Sang: I felt so excited because it was my first time taking part in a race, and moreover it was the famous “Spartan Race”. It was very challenging and I felt motivated to continue the race after witnessing a group of ladies finishing the race. It made me feel stronger.
Johnny: It was exciting, I could say that this was my first time participating in a race. I was discouraged at the beginning, after seeing all the other participants were strongly-build and bigger than me, but then trusting God, knowing that He will give me strength, I was no longer afraid. Praise The Lord.
First obsticle… Over this wall to the starting line.
Do you have these types of activities back home?
Sang & Johnny: No. We don’t have such events in our country.
Did you learn anything through this race?
Sang: Yes, I learnt how to work as a team, to be patient and not to rush into things and at the same time to help others in need.
Johnny: Patience, team work and helping others.
Would you like to participate in a race like this again?
Sang: Yes, but financially I just can’t afford it.
Johnny: Yes, but I don’t have enough money to spend on this. I pray that God will bless me.
Why sign up ElShaddai students to be involve in this race? What was the thought behind it?
Noraini: In the first Peace Camp that The Blue Ribbon conducted, some of the ERLC students expressed their interest in running competitively. I thought it would be a great opportunity for them to be invited to Spartan Race.
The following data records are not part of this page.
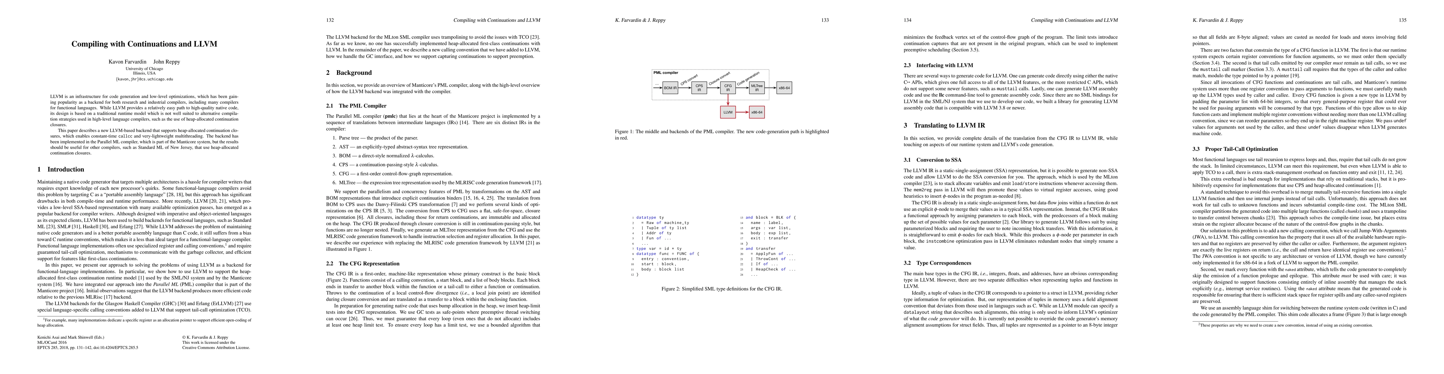 This paper introduces a new LLVM-based backend that supports heap-allocated continuation closures, enabling efficient constant-time callcc and lightweight multithreading, demonstrated through its implementation in the Parallel ML compiler of the Manticore system. The results are expected to benefit other compilers utilizing similar strategies.
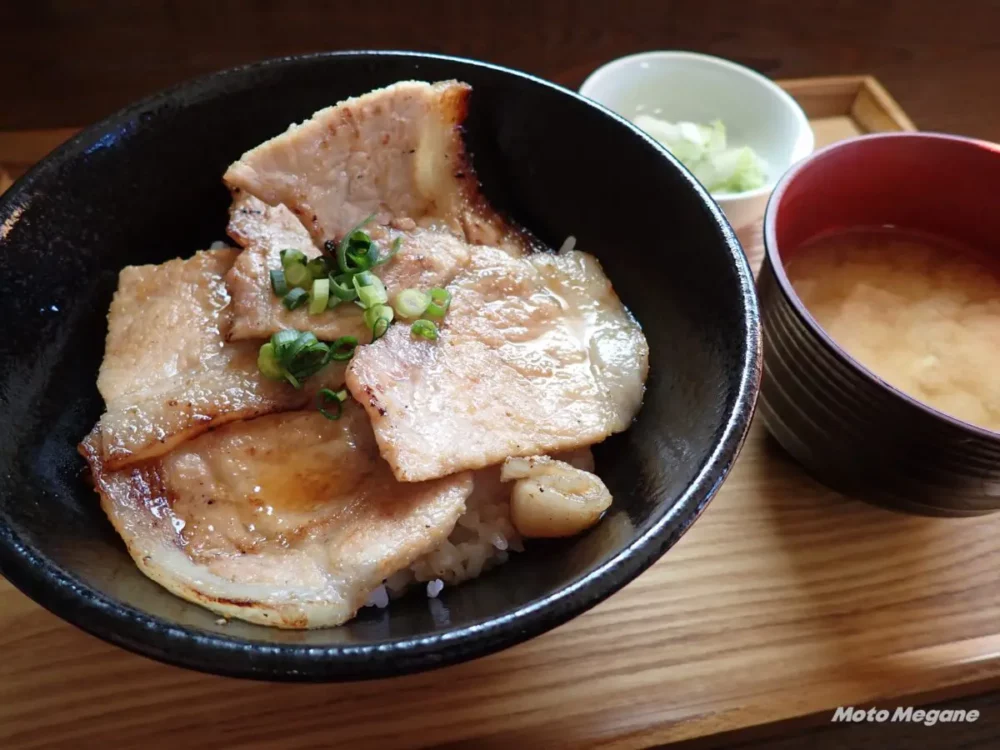 特産の恵水ポークを使ったこだわりの豚丼。豚丼はロースかバラ、もしくは両方が乗ったミックスから選ぶことができる。豚肉は網で焼いてから、あっさりめの甘辛のタレがかけられている。肉は柔らかく、脂身の部分はさっぱりとして甘みがある。あっさり系の豚丼で、箸が進むこと間違いなし。
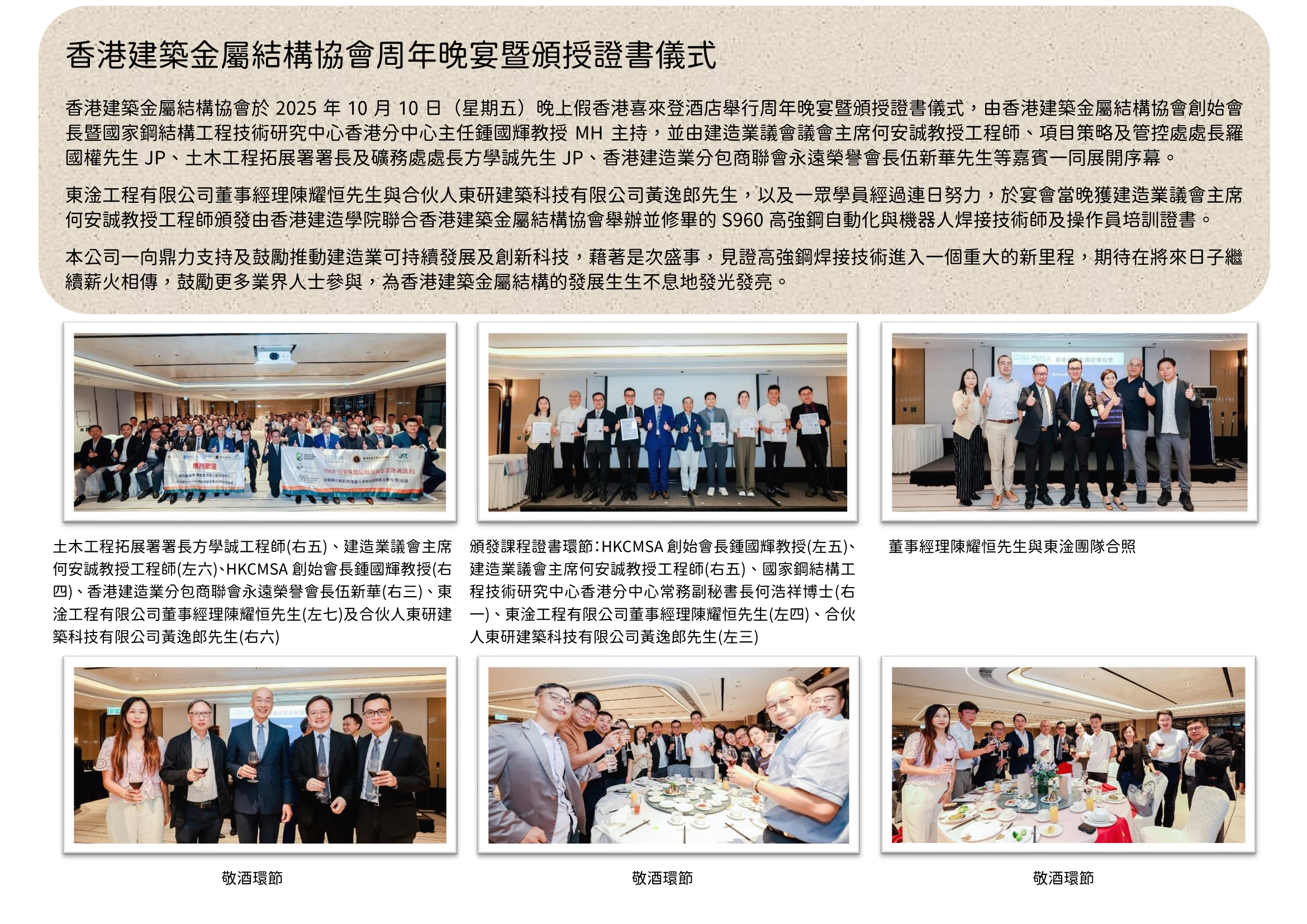 香港建築金屬結構協會周年晚宴暨頒授證書儀式
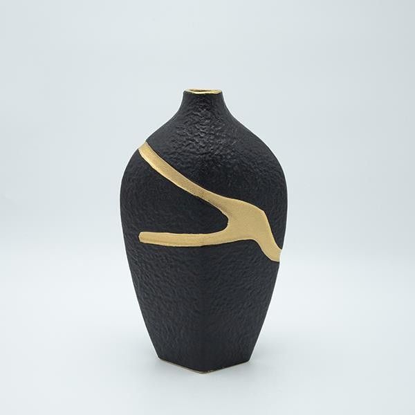 Керамична ваза черно-златна 30x11.5x20.5см
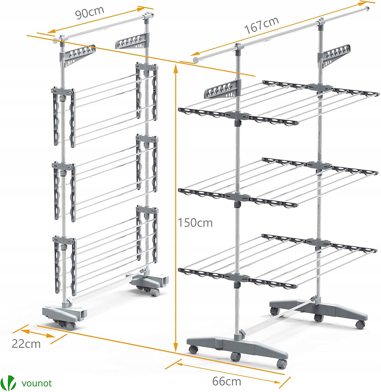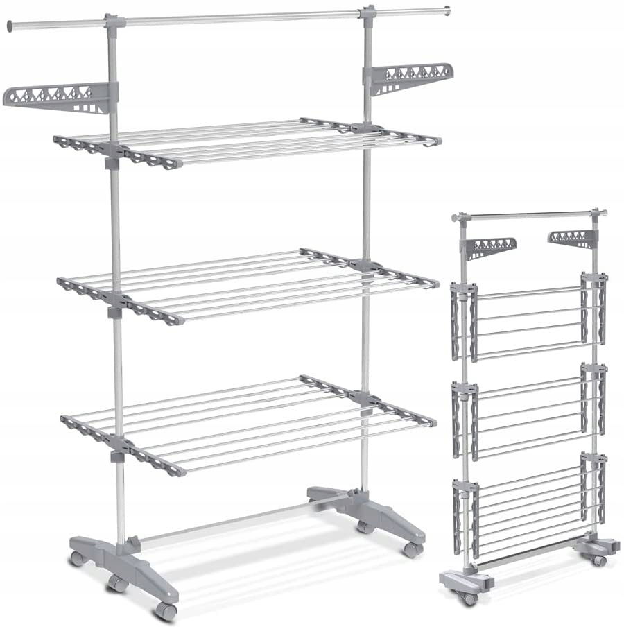 VOUNOT Duża 3-poziomowa suszarka na ubrania składa
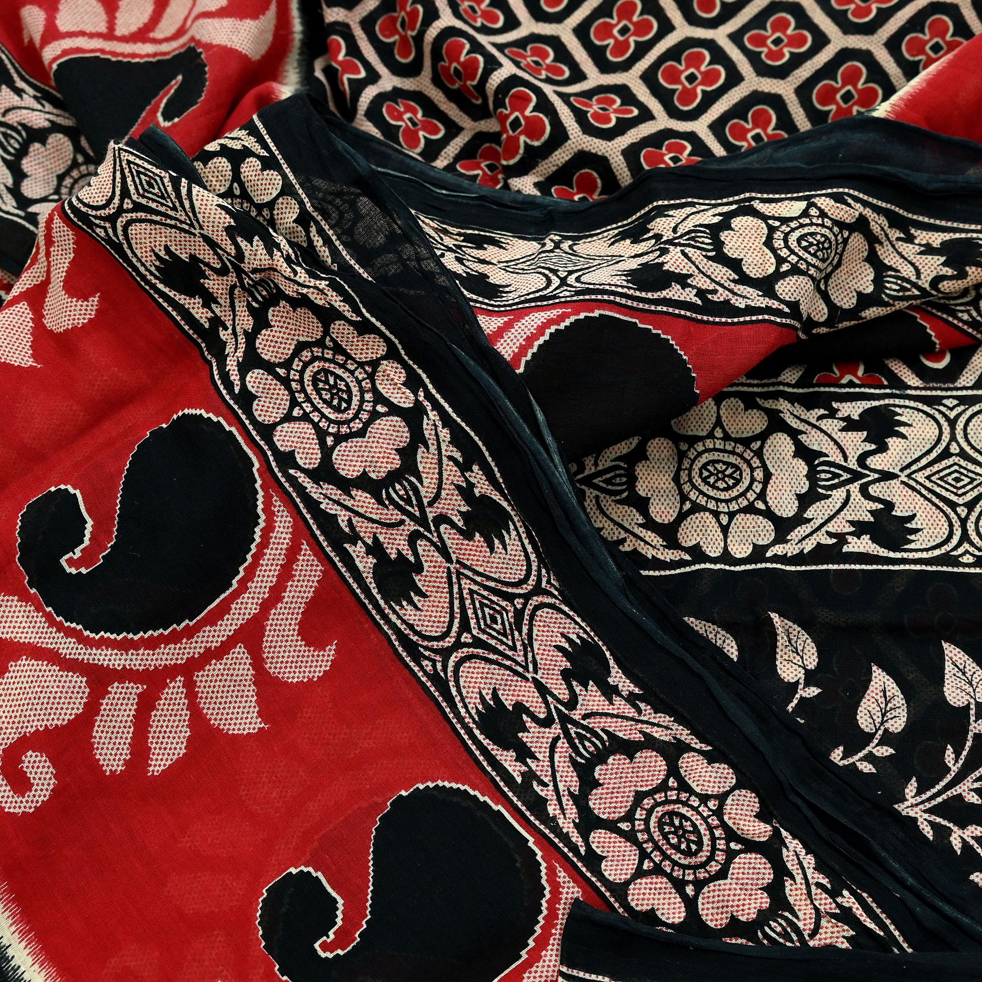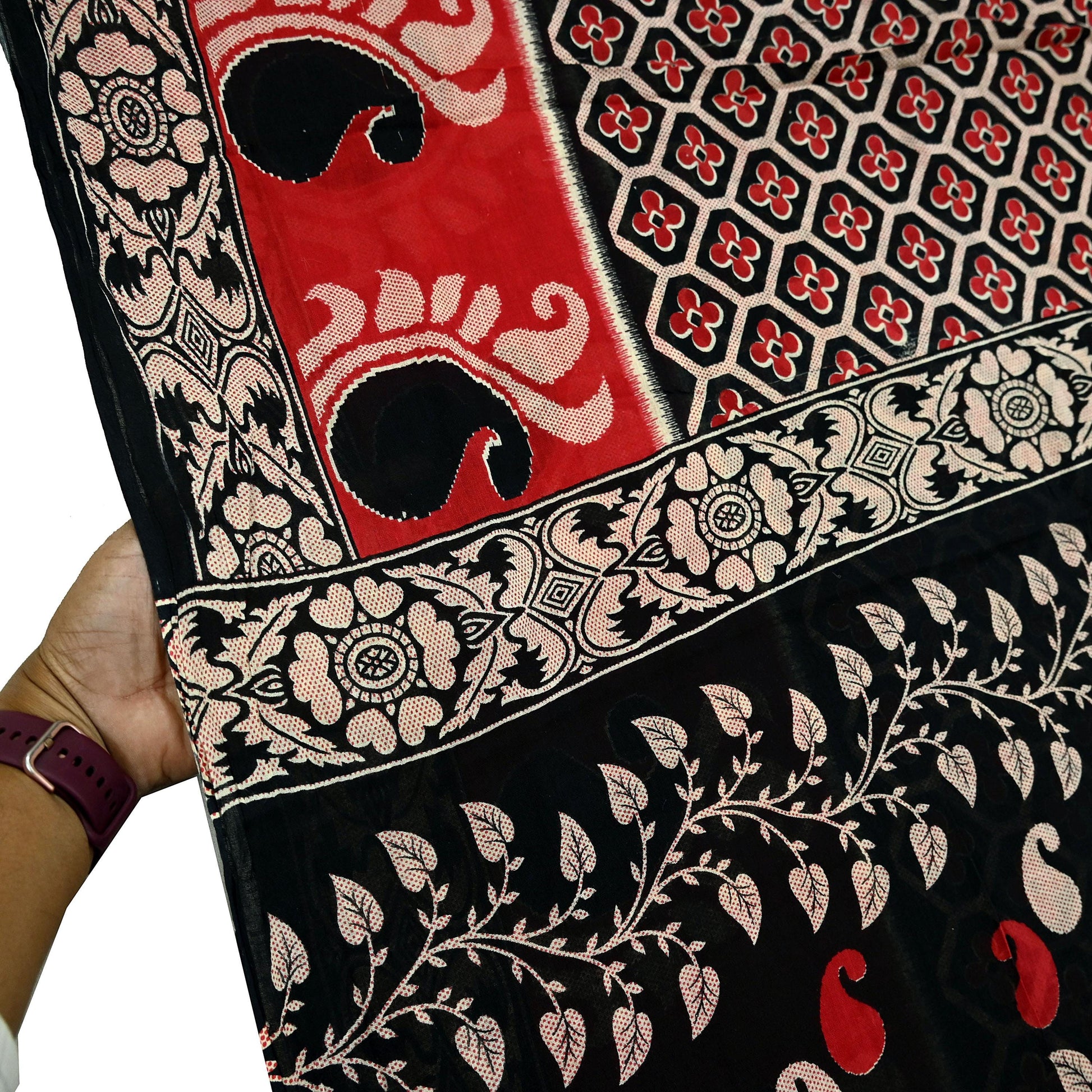 *Beautiful Red & Black Colored Printed Pure Cotton Saree.

I had a major surgery 3 years ago and my hamstring is still recovering. My discipline and determination to do this race in spite of my leg situation expresses my desire to help underprevillaged young girls pursuing their dreams for higher education. I am so glad that The Blue Ribbon can partner with ECB not only in providing education, but also in transforming community.
What was your experience to be involved in this race especially with students that are new to the race?
Noraini: It’s my first Spartan Race too. I have many friends from Malaysia, but…
It’s irony but very fulfilling that I completed my first Spartan Race with 15 years old Sang Sang and Johnny, two youngsters who are in refuge in my home country.
As a trio-team, I believe we finished well 2 hours was not too bad for first timers and an aging lady like me.
Sang Sang and Johnny waited for me occasionally during the race as they were much faster in overcoming some obstacles. Their fitness level and agility was very impressive! There were times when we all failed some obstacles and laughed as we did burpees together as penalty for failing. There were times too when I had the opportunity to encourage them to keep going. At the slip wall, Sang Sang and another racer pulled me over the tip of the wall. I could not overcome this obstacle, and hence the race if he had not help me!
I am also very proud that both of them walked the lady who had her ankle sprained, to the finishing line. She completed her Beast Race challenge.
To me, Sang Sang and Johnny completed two challenges; one was Spartan Sprint Open and the other compassion. They earned the true medallions!
Imagine how great our nation shall be if those in refuge in our country are given the opportunity to unleash their full capacity.
It was also awesome to know Sang Sang and Johnny personally. I was very delighted to see them laughing and enjoying themselves trying different obstacles prior to the race.
The race was one thing, but the friendship we built from the time they stayed at my house, to running together and having food together has taught me a lot about sharing. I have never imagined that they have never eaten satay and crab before, especially after staying for a number of years in Malaysia.
I wished we could have been more hospitable to others in refuge in our country, for example by inviting them to our home for Hari Raya, Christmas or any other festivities.
From this race, I felt glad to be given the opportunity to extend hospitality and comrade spirit to them, and to peek into their lives and to be a part of that too.